29 [label="EVAL with clause\napp([], X40, X40).\nand substitutionT7 -> [],\nX9 -> T23,\nX40 -> T23,\nT16 -> T23,\nX41 -> T23", fontsize=14, style = filled, fillcolor = lightblue];
9 -> 29 [arrowhead = none ];
29 -> 11;

30 [label="EVAL-BACKTRACK", fontsize=14, style = filled, fillcolor = lightgreen];
9 -> 30 [arrowhead = none ];
30 -> 12;

31 [label="EVAL with clause\napp(.(X52, X53), X54, .(X52, X55)) :- app(X53, X54, X55).\nand substitutionX52 -> T30,\nX53 -> T33,\nT7 -> .(T30, T33),\nX9 -> X56,\nX54 -> X56,\nX55 -> T32,\nT16 -> .(T30, T32),\nT31 -> T33", fontsize=14, style = filled, fillcolor = lightblue];
10 -> 31 [arrowhead = none ];
31 -> 14;

32 [label="EVAL-BACKTRACK", fontsize=14, style = filled, fillcolor = lightgreen];
10 -> 32 [arrowhead = none ];
32 -> 15;

33 [label="SUCCESS", fontsize=14, style = filled, fillcolor = lightgreen];
11 -> 33 [arrowhead = none ];
33 -> 13;

34 [label="INSTANCE with matching:\nT7 -> T33\nX9 -> X56\nT16 -> T32", fontsize=14, style = filled, fillcolor = lightgrey];
14 -> 34 [arrowhead = none , style=dashed];
34 -> 7[style=dashed];

35 [label="INSTANCE with matching:\nX7 -> X80\nX8 -> X81\nT6 -> T41", fontsize=14, style = filled, fillcolor = lightgrey];
16 -> 35 [arrowhead = none , style=dashed];
35 -> 3[style=dashed];

}

(2) Obligation:

Triples:

appA(.(X1, X2), X3, .(X1, X4)) :- appA(X2, X3, X4).
pB([], X1, X1, X2, X3) :- appA(X2, X3, X1).
pB(.(X1, X2), X3, .(X1, X4), X5, X6) :- pB(X2, X3, X4, X5, X6).
sublistC(X1, X2) :- pB(X3, X4, X2, X1, X5).

Clauses:

appcA([], X1, X1).
appcA(.(X1, X2), X3, .(X1, X4)) :- appcA(X2, X3, X4).
qcB([], X1, X1, X2, X3) :- appcA(X2, X3, X1).
qcB(.(X1, X2), X3, .(X1, X4), X5, X6) :- qcB(X2, X3, X4, X5, X6).

Afs:

sublistC(x1, x2) = sublistC(x2)

(3) TriplesToPiDPProof (SOUND transformation)
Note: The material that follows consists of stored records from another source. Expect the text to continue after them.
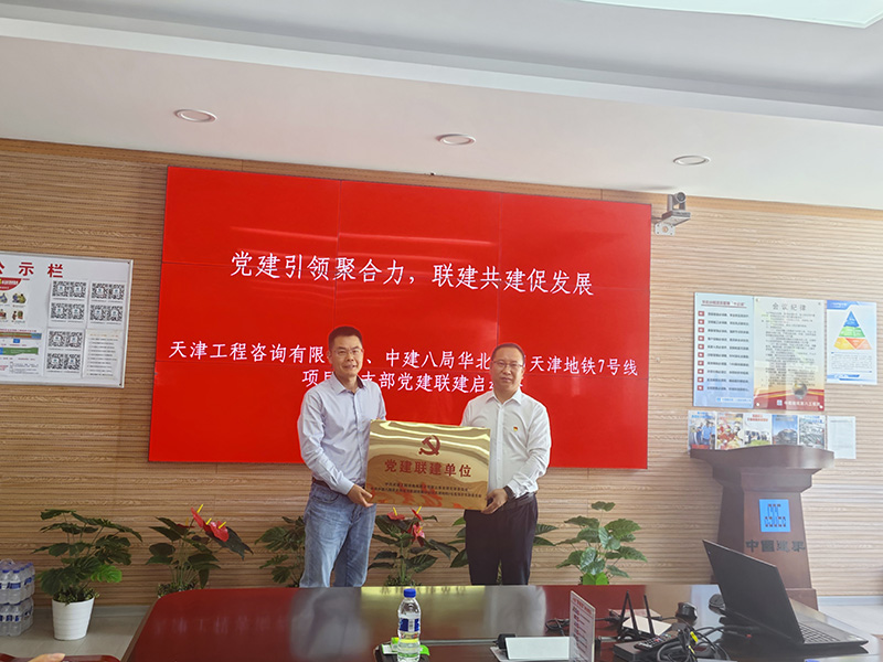 5月20日,為進一步加強天津地鐵七號線參建單位之間的深入交流合作,有力發(fā)揮黨組織引領(lǐng)凝聚作用,搭建常態(tài)化的溝通交流平臺,推動項目健康、快速、高質(zhì)量發(fā)展,打造優(yōu)質(zhì)地鐵工程,在深入開展中央八項規(guī)定精神學習教育之際,天津咨詢第三事業(yè)部黨支部與中建八局華北分公司六里臺站黨支部開展了主題黨日暨黨建聯(lián)建共建活動。天津咨詢公司黨委委員、副總經(jīng)理鐘海榮、中國建筑第八工程局有限公司華北分公司基礎(chǔ)設(shè)施分公司黨總支副書記、執(zhí)行總經(jīng)理龐衛(wèi)濤等出席活動并揭牌。
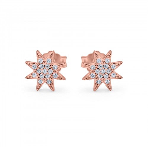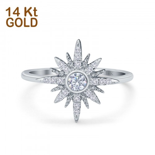 14K Rose Gold Cluster Starburst Ring Round Bridal Simulated CZ Wedding Engagement Ring Size-7 14K Gold
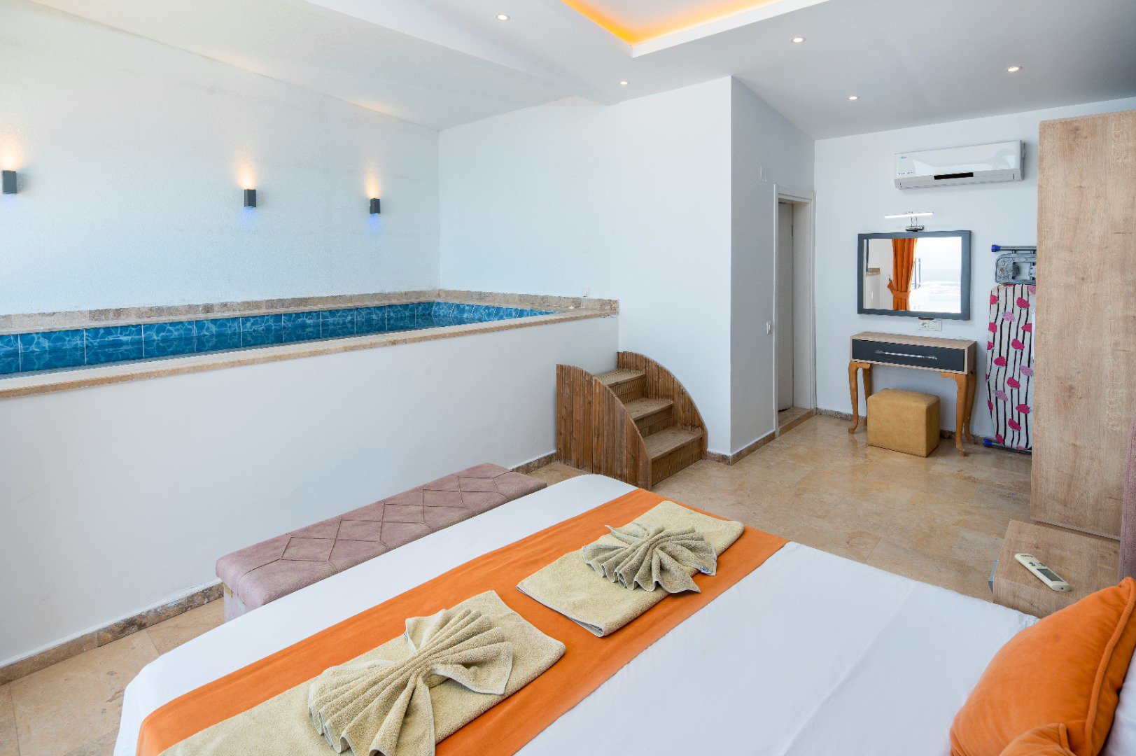 A heated indoor pool measuring 2m x 4m, positioned right across from your bedroom.
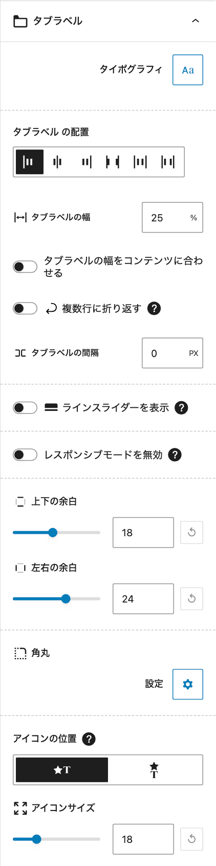 右側サイドバーの「タブラベル」パネルでは、アクティブ・非アクティブに共通するタブラベル(タイトル)のタイポグラフィや配置、その他ベースのデザインについて調整します。
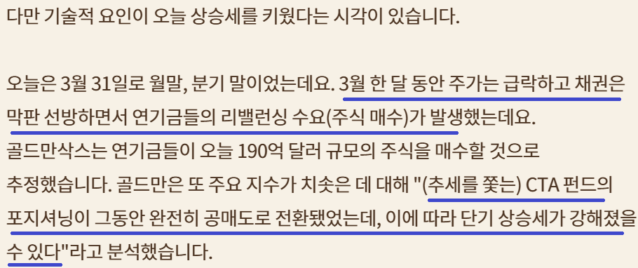 채권 금리는 하락 중; 주가 상승은 연기금 리밸런싱 영향도
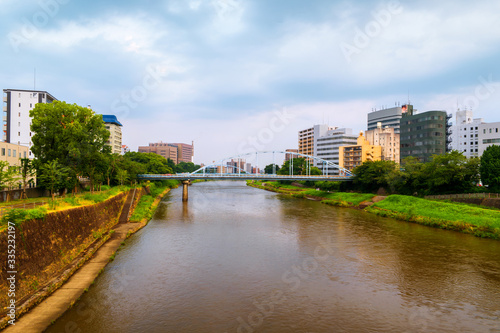 View of a bridge over the Shirakawa river in Kumamoto, Japan
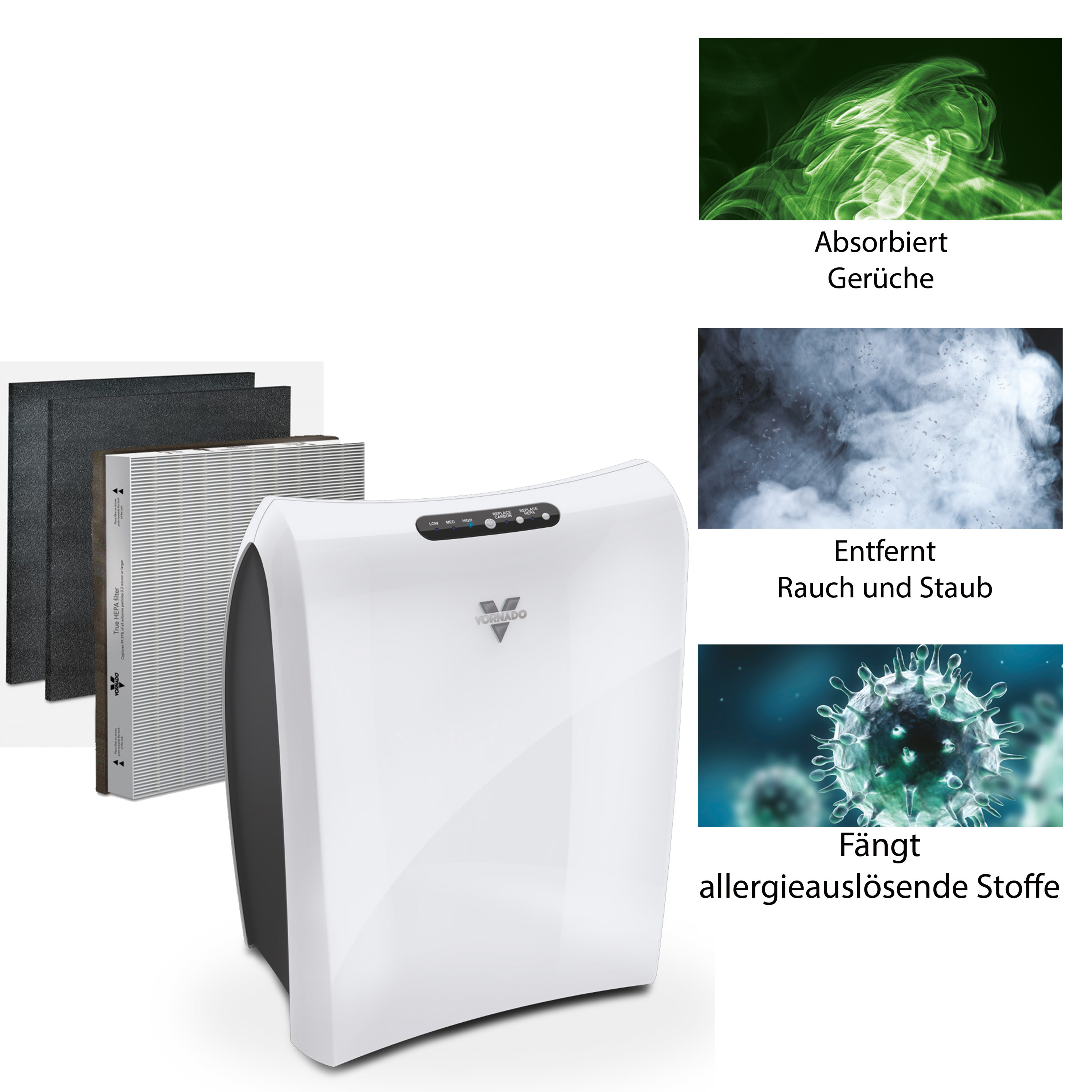 - Filtert im Raum: Staub, Pollen, Haustierschuppen, Rauch, Bakterien, Schimmelpilzsporen, Staubmilben und mehr.
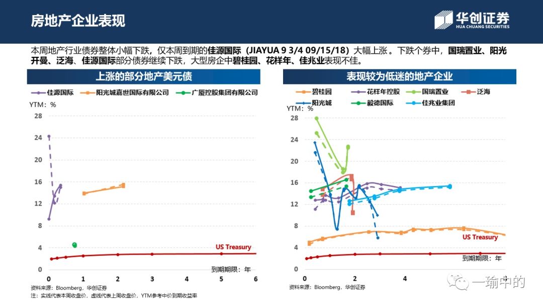 地产企业中,本周仅有佳源国际到期债券(JIAYUA 9 3/4 09/15/18)大幅上涨,国瑞置业(GUOPRO),阳光开曼(YAINVE)、泛海(FANHAI)继续下跌走势,花样年(FTHDGR)、毅德国际(HYDOO)本周亦表现不佳。城投债券中,本周青海省投(QHINVG)、江苏系债券调整下跌。工业类企业中,兴业太阳能(CSSXF)本周终于回调上涨。
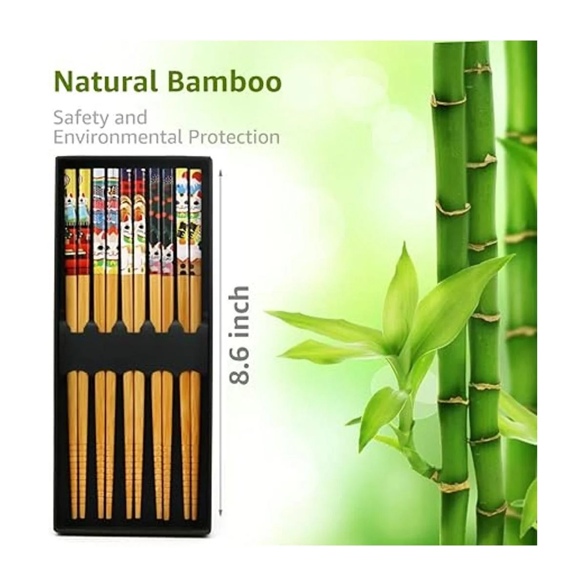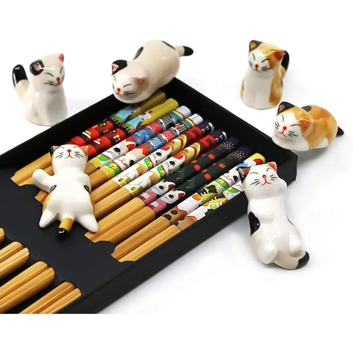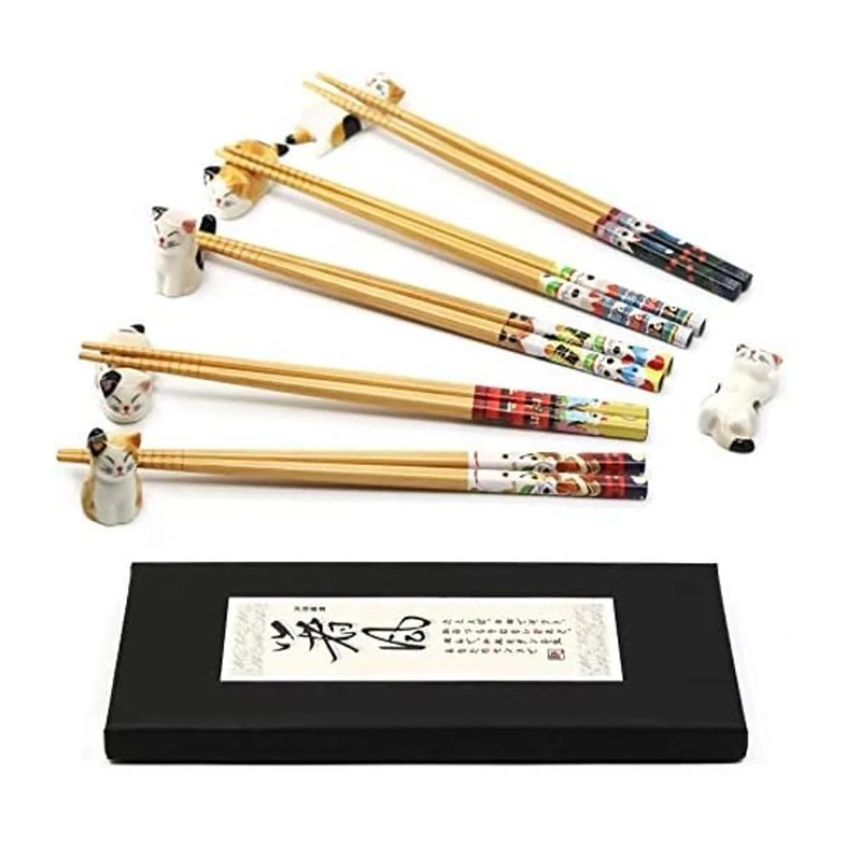 5 pares de palillos y 6 bonitos soportes para palillos de gato de la suerte, estilo japonés clásico reutilizable bambú natural antideslizante palillos antideslizantes, apto para lavavajillas, caja fuerte, palillos de China Kawaii, juego de regalo para niños gato de la suerte
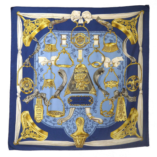 HERMES 大判カレ スカーフETRIERS(青)
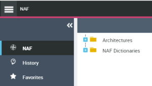 In the NAF navigation window, the NAF architectures are found in the "Architectures" folder.

We use the technique of [DT09]. With regard to the inferred argument filtering the predicates were used in the following modes:
sublistC_in: (f,b)
pB_in: (f,f,b,f,f)
appA_in: (f,f,b)
Transforming TRIPLES into the following Term Rewriting System:
Pi DP problem:
The TRS P consists of the following rules:

SUBLISTC_IN_AG(X1, X2) → U4_AG(X1, X2, pB_in_aagaa(X3, X4, X2, X1, X5))
SUBLISTC_IN_AG(X1, X2) → PB_IN_AAGAA(X3, X4, X2, X1, X5)
PB_IN_AAGAA([], X1, X1, X2, X3) → U2_AAGAA(X1, X2, X3, appA_in_aag(X2, X3, X1))
PB_IN_AAGAA([], X1, X1, X2, X3) → APPA_IN_AAG(X2, X3, X1)
APPA_IN_AAG(.(X1, X2), X3, .(X1, X4)) → U1_AAG(X1, X2, X3, X4, appA_in_aag(X2, X3, X4))
APPA_IN_AAG(.(X1, X2), X3, .(X1, X4)) → APPA_IN_AAG(X2, X3, X4)
PB_IN_AAGAA(.(X1, X2), X3, .(X1, X4), X5, X6) → U3_AAGAA(X1, X2, X3, X4, X5, X6, pB_in_aagaa(X2, X3, X4, X5, X6))
PB_IN_AAGAA(.(X1, X2), X3, .(X1, X4), X5, X6) → PB_IN_AAGAA(X2, X3, X4, X5, X6)

R is empty.
The argument filtering Pi contains the following mapping:
pB_in_aagaa(x1, x2, x3, x4, x5) = pB_in_aagaa(x3)
appA_in_aag(x1, x2, x3) = appA_in_aag(x3)
.(x1, x2) = .(x1, x2)
[] = []
SUBLISTC_IN_AG(x1, x2) = SUBLISTC_IN_AG(x2)
U4_AG(x1, x2, x3) = U4_AG(x2, x3)
PB_IN_AAGAA(x1, x2, x3, x4, x5) = PB_IN_AAGAA(x3)
U2_AAGAA(x1, x2, x3, x4) = U2_AAGAA(x1, x4)
APPA_IN_AAG(x1, x2, x3) = APPA_IN_AAG(x3)
U1_AAG(x1, x2, x3, x4, x5) = U1_AAG(x1, x4, x5)
U3_AAGAA(x1, x2, x3, x4, x5, x6, x7) = U3_AAGAA(x1, x4, x7)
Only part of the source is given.